The finding of both cuffs and blebs in the postmortem brains of autistic people suggests that the individuals’ T cells were also responding to some antigen—either a molecule considered foreign even though it’s created by the person’s own body, or a viral or bacterial one encountered in utero, Anderson says. Except for rare cases in which an autism-linked genetic mutation can be identified, the cause of ASD is unknown. According to the new data, a majority of the unexplained cases could have arisen as an autoimmune disorder or an inflammatory condition triggered during pregnancy, Anderson and colleagues concluded in a recent paper.
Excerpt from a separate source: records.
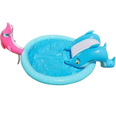 - Our inflatable kiddie pool comes with a built-in dolphin-themed sprinkler and a slide facing the sprinkler.
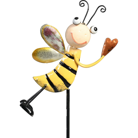 Az aranyos földbe szúrható dísszel a virágágyások vagy a virágládák dekorálhatók. Teraszra, balkonra vagy előkertbe helyezhető. A képen egy vicces méhecske látható, amely egy szívet visz, és barátságosan mosolyog a szemlélőre. Klasszikus sárga-fekete színösszeállításban készült, az arca pedig bézs színű. A földbe szúrható dísz időjárásálló fémből készült. Hosszú földbe szúrható tüskével rendelkezik, mérete ezáltal pedig 95 cm x 10 cm x 13 c
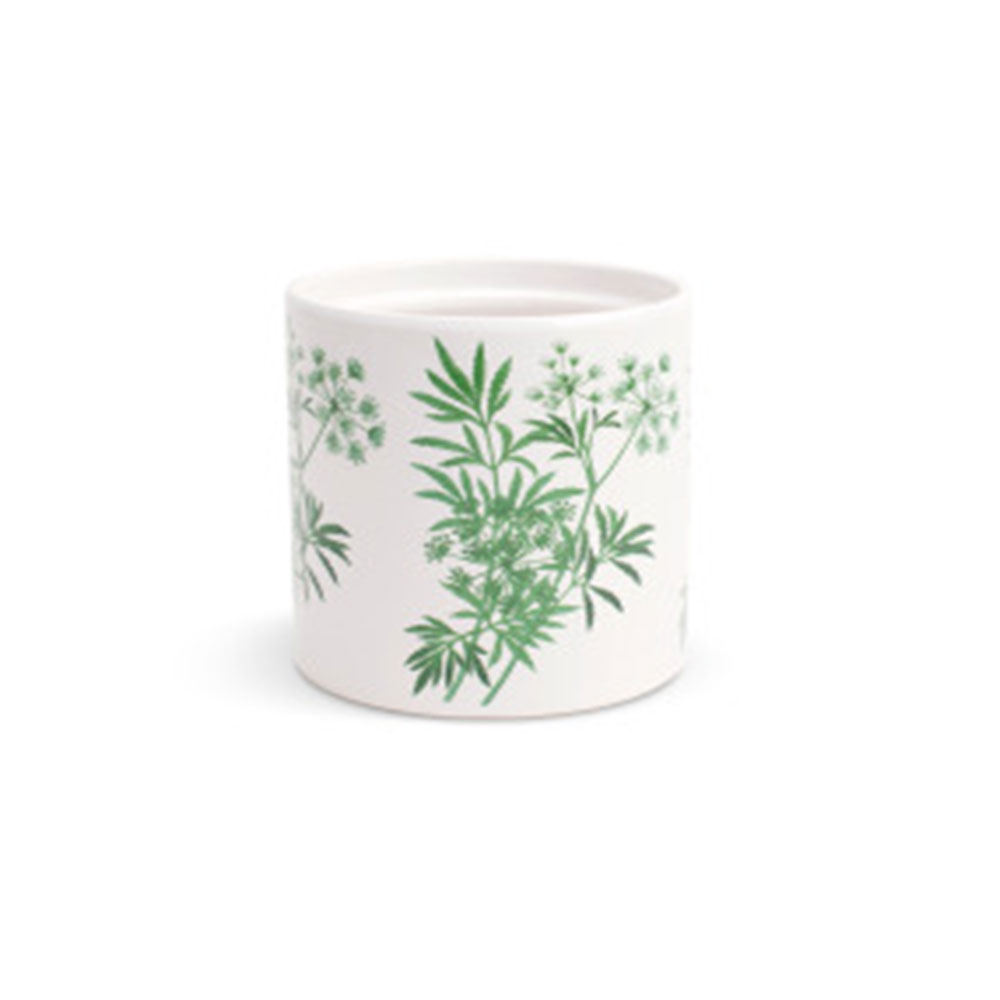 Κασπώ κεραμικό με σχέδιο από πράσινα φύλλα σε λευκό χρώμα.

“It’s really a very striking finding,” says Dan Littman, an immunologist at New York University Langone Health who was not involved in the work. The team’s results, he notes, fit well with recent animal research showing a connection between the immune system and autism—specifically that interleukin-17 (IL-17), a signaling molecule produced by T cells to help fend off pathogens, can cause rodents to exhibit behaviors associated with autism. In 2016, Littman and colleagues reported that blocking the production of IL-17 in pregnant mice prevented their pups from developing an autism-like condition. “You could imagine that if cytokine-producing cells in the central nervous system are localizing in particular places, they could be contributing to behavioral changes,” Littman says.
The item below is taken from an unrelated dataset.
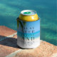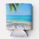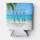 Große Hochzeitskur oder Gunst für Ihre Hochzeitsgäste. Biercozies mit einem wunderschönen Strandhintergrund, bedruckt mit der Meldung "Alles was wir brauchen ist Liebe und Strand" und Ihren Namen und Hochzeitsdatum. Unten kann eine Danksagung angezeigt werden.

The findings also dovetail with what little has been described in the way of neuropathological features of autism in humans, Anderson says. Fifteen years ago, Carlos Pardo-Villamizar of Johns Hopkins University and colleagues studied postmortem brain tissues and cerebrospinal fluid from individuals with autism and found signs of neuroinflammation in the cerebral cortex, white matter, and cerebellum—regions essential for sensory perception and for motor skills such as balance and coordination. Transcriptional profiling of postmortem brains from individuals with autism revealed elevated levels of messenger RNAs that make inflammatory proteins, and more-recent data support the conclusion that the brains of individuals with autism are typically in an inflammatory state.
While the Boston team’s discovery of T cell–induced inflammation associated with autism is noteworthy, the astrocyte blebs are particularly intriguing, notes Duke University neuroscientist Staci Bilbo, who did not participate in the new study. The development of the blebs in reaction to the cuffs “points to a role for the blood-brain barrier breaking down,” something rarely studied in autism, she says. Looking further into the interaction between the cuffs and the blebs could reveal not only how, but why T cells are getting into the brain, giving clues to the origins of autism in cases driven by immune dysfunction.
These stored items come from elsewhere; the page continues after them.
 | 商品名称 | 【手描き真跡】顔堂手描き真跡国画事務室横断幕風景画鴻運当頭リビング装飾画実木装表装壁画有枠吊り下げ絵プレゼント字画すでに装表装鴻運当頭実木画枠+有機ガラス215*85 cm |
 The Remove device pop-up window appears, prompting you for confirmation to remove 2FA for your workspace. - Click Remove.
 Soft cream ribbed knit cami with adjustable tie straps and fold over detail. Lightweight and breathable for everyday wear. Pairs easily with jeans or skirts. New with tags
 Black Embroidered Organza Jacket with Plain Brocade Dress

Anderson says his team has already started follow-up experiments, running transcriptome profiling of the cuffs and blebs. Infiltration of T cells into the space between blood vessels and neural tissue, and the subsequent generation of blebs, “almost for sure is going to trigger the expression of unique genes and proteins” in the astrocytes and “may dissociate autism even more specifically from other conditions,” he says. His team is also looking at the receptors on the T cells in the cuffs to determine what’s provoking the immune cells to swarm. The researchers are studying all of the genes linked to autism and to autoimmunity as well—an analysis that has begun to reveal “a signature of an autoimmune genetics within the existing autism genetics,” Anderson says. “It’s a multi-pronged approach.”